Frattini: decidiamo da soli la nostra politica energetica

Le rivelazioni di Wikileaks. Il ministro degli Esteri risponde alle critiche Usa. "Ma non c’è alcuna frizione con Washington"

L’Italia decide da sola la sua politica energetica e nessun altro può farlo in sua vece. Ma non per questo esistono frizioni tra il nostro Paese e gli Stati Uniti. Il ministro degli Esteri Franco Frattini riprende il delicato argomento delle critiche americane, in origine riservate, ma rese pubbliche tramite Wikileaks, ai presunti intrighi con la Russia putiniana e agli ancor più presunti contrasti tra Washington e Roma in tema di gasdotti. E sottolinea che «l’Italia ha un interesse nazionale nella sicurezza e nell’indipendenza energetica».
«La nostra strada è la differenziazione» - spiega Frattini intervenendo in collegamento dal Bahrein alla trasmissione televisiva «In mezz’ora» -, che passa «dalla Russia, dalla Libia, dall’Algeria e dai Paesi del Golfo»: «Queste quattro fonti di approvvigionamento energetico formano il piano di sicurezza nazionale». «Su questo decide l’Italia e soltanto l’Italia», ha proseguito il ministro, sottolineando che il nostro Paese non si è mai sottratto a un «impegno di trasparenza» con gli Stati Uniti. Frattini è entrato nel dettaglio e ha spiegato che fu il segreatario di Stato Hillary Clinton «a chiedermi quali fossero le decisioni e le intenzioni dell’Eni su South Stream. A seguito della richiesta, organizzai un incontro negli Stati Uniti dove Paolo Scaroni espose all’Amministrazione americana il piano strategico dell’Eni».

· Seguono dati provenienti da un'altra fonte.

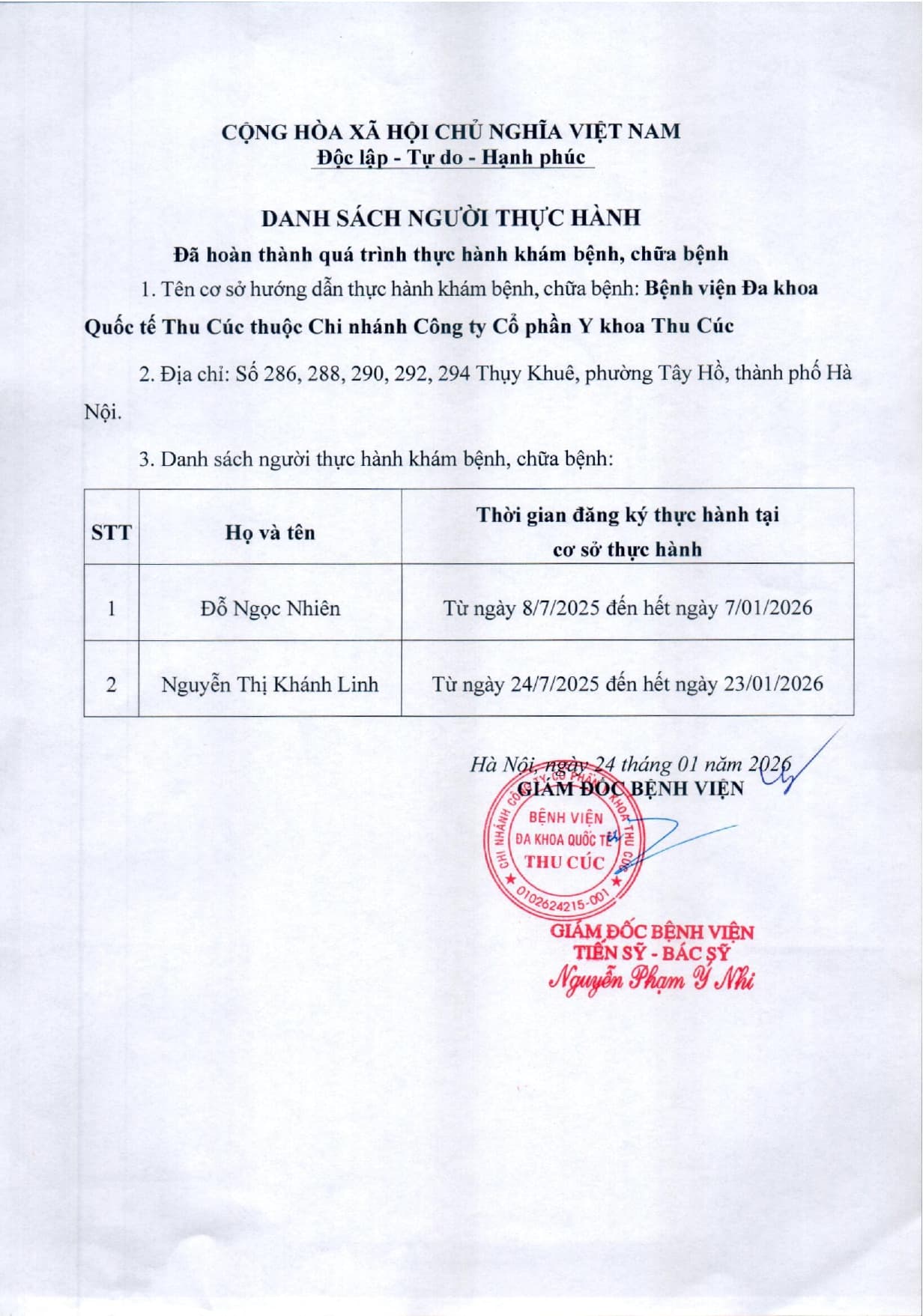 Căn cứ nghị định 96/2023/NĐ-CP ngày 30/12/2023 của Chính phủ, Căn cứ bản công bố cơ sở khám bệnh, chữa bệnh đáp ứng yêu cầu là cơ sở hướng dẫn thực hành được Bộ Y tế đăng tải ngày 17/7/2024, Bệnh viện Đa khoa quốc tế Thu Cúc đăng tải danh sách người thực hành Đã hoàn thành quá trình thực hành khám bệnh, chữa bệnh.
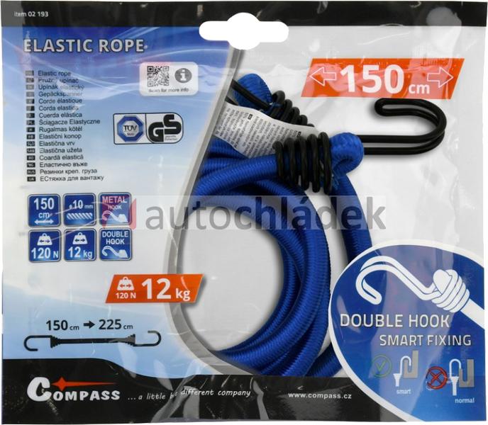 COMPASS Upínač pružný DOUBLE HOOK 10 mm/150 cm TÜV/GS

Reagendo in via eccezionale alle critiche fatte emergere da Wikileaks che lo dipingevano come «poco più di un messaggero» di Silvio Berlusconi, il ministro degli Esteri ha anche difeso la sua sintonia con il premier («compito della Farnesina non è quello di contrapporsi al presidente del Consiglio») ed espresso apprezzamento per l’utilità che le relazioni personali di Berlusconi rivestono per la politica estera del nostro Paese. «Non ci sono solo rapporti di forza e di potere, ma anche rapporti umani», ha sottolineato Frattini, «occupandosi della Russia, Berlusconi ha fatto sempre e solo gli interessi dell’Italia non avendo alcun desiderio, nè necessità, di occuparsi di affari privati».
Tra i risultati ottenuti dal premier per l’Italia grazie ai suoi rapporti personali, Frattini ha portato ad esempio gli accordi con la Libia di Muammar Gheddafi «con cui i precedenti governi hanno negoziato senza risultati» e la mediazione con la Turchia: «Tutti sanno che è stato Berlusconi a far cadere il veto di Erdogan sulla nomina del nuovo segretario generale della Nato», ha sottolineato. Frattini ha infine rivendicato la giustezza delle scelte del governo italiano in tema di rapporti con la Russia in occasione del conflitto russo-georgiano nell’estate 2008: l’ex vicepresidente Usa Cheney sbagliava a voler isolare Mosca, ha detto il ministro, e la successiva svolta americana ci ha dato ragione.
Anche il presidente della Camera e leader di Fli Gianfranco Fini è intervenuto su Wikileaks, affermando che «i rapporti tra Italia e Stati Uniti non cambiano. Io la penso come Luttwak, e cioè che questi dispacci sono stati prodotti da giovani funzionari delle Ambasciate e che non tutto passa per le scrivanie degli ambasciatori. Mi meraviglio di chi si meraviglia». In merito all’attenzione degli Stati Uniti su Berlusconi, Fini ha osservato, senza mai citare il Presidente del Consiglio: «Si tratta di due Paesi alleati. L’attenzione sui vertici dello Stato è reciproca».
Continua intanto la vicenda della latitanza del numero uno di Wikileaks Julian Assange. Ormai inseguito dalle polizie di mezzo mondo, secondo il Times starebbe trattando la sua consegna con Scotland Yard in Inghilterra, dove si troverebbe in una località che avrebbe dovuto rimanere segreta ma che invece sarebbe stata individuata e messa sotto sorveglianza. La resa potrebbe avvenire la prossima settimana, scrive il Times citando fonti della polizia londinese. Scotland Yard ha ha ricevuto giovedì sera dalle autorità svedesi le richieste aggiuntive relative al mandato di arresto di Assange per reati sessuali. Ma l’avvocato di Assange, Mark Stephens, smentisce.